Multiple Sclerosis (MS) is a neurodegenerative disease where immune-driven demyelination occurs with inefficient remyelination, but therapies are limited, especially those to enhance repair. Here, we show that the dual phosphodiesterase (PDE)7- glycogen synthase kinase (GSK)3 inhibitor, VP3.15, a heterocyclic small molecule with good pharmacokinetic properties and safety profile, improves in vivo remyelination in mouse and increases both adult mouse and adult human oligodendrocyte progenitor cell (OPC) differentiation, in addition to its immune regulatory action. The dual inhibition is synergistic, as increasing intracellular levels of cAMP by cyclic nucleotide PDE inhibition both suppresses the immune response and increases remyelination, and in addition, inhibition of GSK3 limits experimental autoimmune encephalomyelitis in mice. This combination of an advantageous effect on the immune response and an enhancement of repair, plus demonstration of its activity on adult human OPCs, leads us to propose dual PDE7-GSK3 inhibition, and specifically VP3.15, as a neuroprotective and neuroreparative disease-modifying treatment for MS.

Phosphodiesterase7 Inhibition Activates Adult Neurogenesis in Hippocampus and Subventricular Zone In Vitro and In Vivo

The phosphodiesterase 7 (PDE7) enzyme is one of the enzymes responsible for controlling intracellular levels of cyclic adenosine 3',5'-monophosphate in the immune and central nervous system. We have previously shown that inhibitors of this enzyme are potent neuroprotective and anti-inflammatory agents. In addition, we also demonstrated that PDE7 inhibition induces endogenous neuroregenerative processes toward a dopaminergic phenotype. Here, we show that PDE7 inhibition controls stem cell expansion in the subgranular zone of the dentate gyrus of the hippocampus (SGZ) and the subventricular zone (SVZ) in the adult rat brain. Neurospheres cultures obtained from SGZ and SVZ of adult rats treated with PDE7 inhibitors presented an increased proliferation and neuronal differentiation compared to control cultures.
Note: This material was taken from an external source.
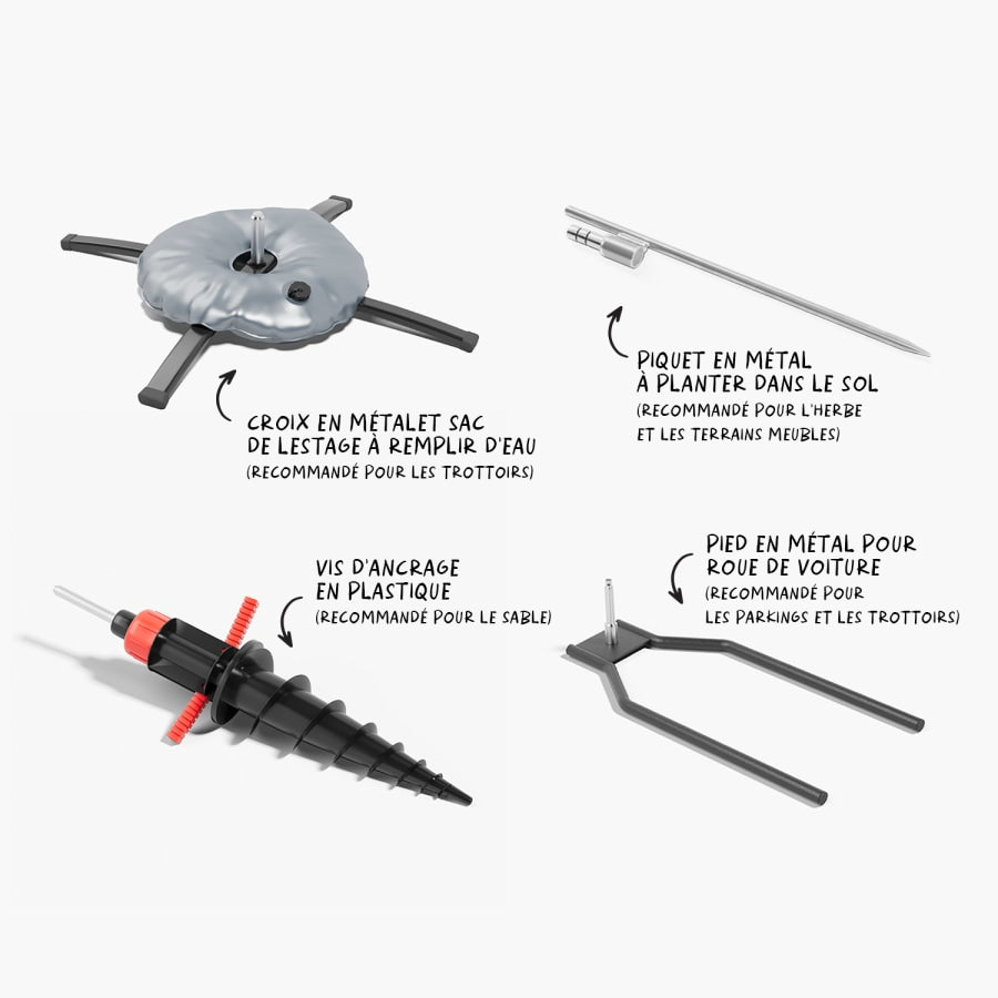 - Kit composé d'un drapeau, d'un mât, du socle de votre choix et d'un sac de transport

PDE7 inhibitors treatment of neurospheres cultures also resulted in an increase of the levels of phosphorylated cAMP response element binding protein, suggesting that their effects were indeed mediated through the activation of the cAMP/PKA signaling pathway. In addition, adult rats orally treated with S14, a specific inhibitor of PDE7, presented elevated numbers of proliferating progenitor cells, and migrating precursors in the SGZ and the SVZ. Moreover, long-term treatment with this PDE7 inhibitor shows a significant increase in newly generated neurons in the olfactory bulb and the hippocampus. Also a better performance in memory tests was observed in S14 treated rats, suggesting a functional relevance for the S14-induced increase in SGZ neurogenesis. Taken together, our results indicate for the first time that inhibition of PDE7 directly regulates proliferation, migration and differentiation of neural stem cells, improving spatial learning and memory tasks. Stem Cells 2017;35:458-472.